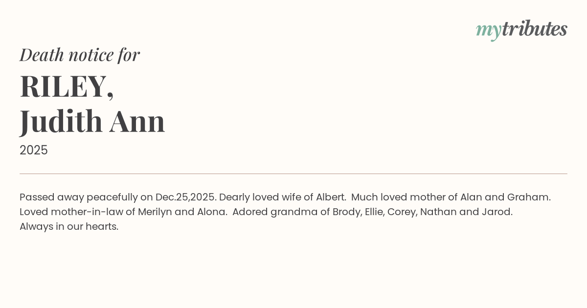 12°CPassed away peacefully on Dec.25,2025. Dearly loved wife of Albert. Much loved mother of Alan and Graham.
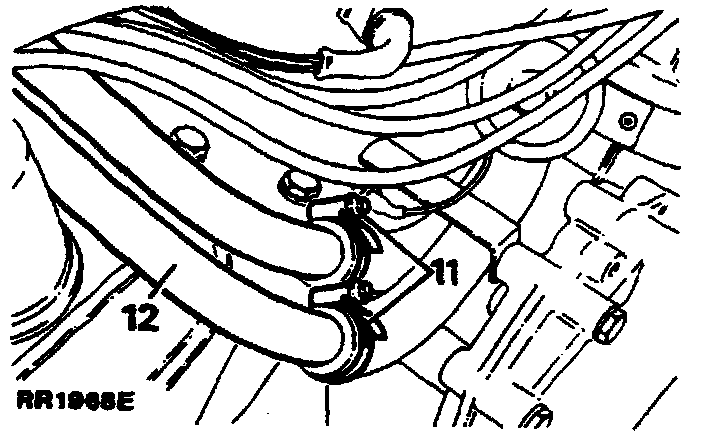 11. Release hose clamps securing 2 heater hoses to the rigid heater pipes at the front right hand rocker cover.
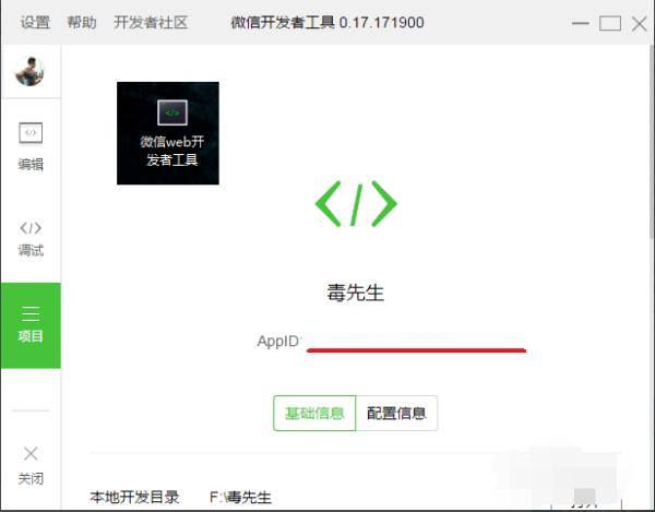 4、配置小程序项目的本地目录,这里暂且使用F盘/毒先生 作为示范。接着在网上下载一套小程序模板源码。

○ ○ ○ ○ ○ ○ ○

### Problem statement
Omitting all pictures, restate word for word the lines from the one containing "11. Release hose" through the last line of the data.

### Response box
 11. Release hose clamps securing 2 heater hoses to the rigid heater pipes at the front right hand rocker cover.
 4、配置小程序项目的本地目录,这里暂且使用F盘/毒先生 作为示范。接着在网上下载一套小程序模板源码。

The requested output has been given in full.